From the first line to the last, restate the material word for word, omitting pictures.

Dataset content:
#####
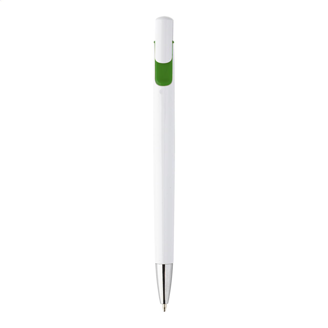 Plastové kuličkové pero s barevnými doplňky a chromovou špičkou. Dodáváno s modrou náplní. Mechanismus: tlačítkový. Certifikace Push action.
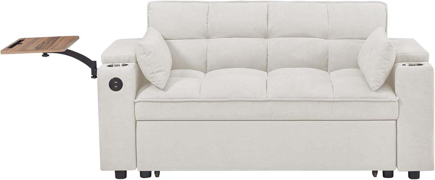 The thoughtful integration of practical features truly sets this sofa apart. Multi-functional armrests with hidden storage, built-in USB ports, and cupholders offer convenient spots for our daily essentials and tech devices, while the 360° rotatable side table enhances usability without clutter. Assembly was straightforward thanks to clear instructions and a complete tool kit, and the loveseat’s compact dimensions fit neatly into our room without sacrificing comfort.this convertible sleeper has become our go-to furniture for lounging, working, and welcoming overnight guests.
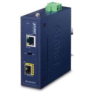 - PLANET, Industrial Fibre converter, Gigabit ethernet to 100/1000 base-X or FX fibre, Single Mode or Multi Mode, SFP connectors, Din mount, -40 to 75 degrees operating temp, 9-48V DC, PSU required.
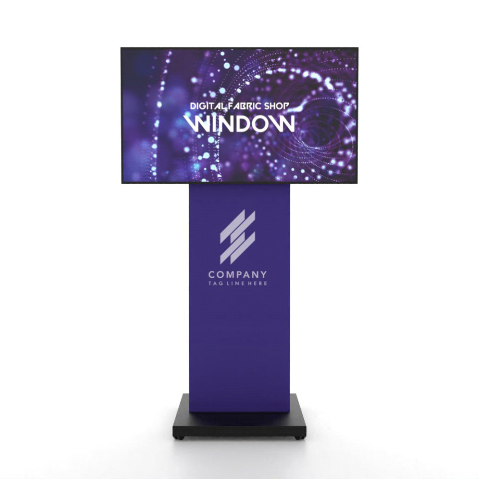 Fenêtre numérique avec tissu pour vitrine intégrant un moniteur QM55C équipé d’un système TFR30 double face. Idéal pour attirer l’attention dans les espaces commerciaux, ce dispositif propose une expérience d’affichage dynamique et moderne.
#####
Response to this exercise:
 Plastové kuličkové pero s barevnými doplňky a chromovou špičkou. Dodáváno s modrou náplní. Mechanismus: tlačítkový. Certifikace Push action.
 The thoughtful integration of practical features truly sets this sofa apart. Multi-functional armrests with hidden storage, built-in USB ports, and cupholders offer convenient spots for our daily essentials and tech devices, while the 360° rotatable side table enhances usability without clutter. Assembly was straightforward thanks to clear instructions and a complete tool kit, and the loveseat’s compact dimensions fit neatly into our room without sacrificing comfort.this convertible sleeper has become our go-to furniture for lounging, working, and welcoming overnight guests.
 - PLANET, Industrial Fibre converter, Gigabit ethernet to 100/1000 base-X or FX fibre, Single Mode or Multi Mode, SFP connectors, Din mount, -40 to 75 degrees operating temp, 9-48V DC, PSU required.
 Fenêtre numérique avec tissu pour vitrine intégrant un moniteur QM55C équipé d’un système TFR30 double face. Idéal pour attirer l’attention dans les espaces commerciaux, ce dispositif propose une expérience d’affichage dynamique et moderne.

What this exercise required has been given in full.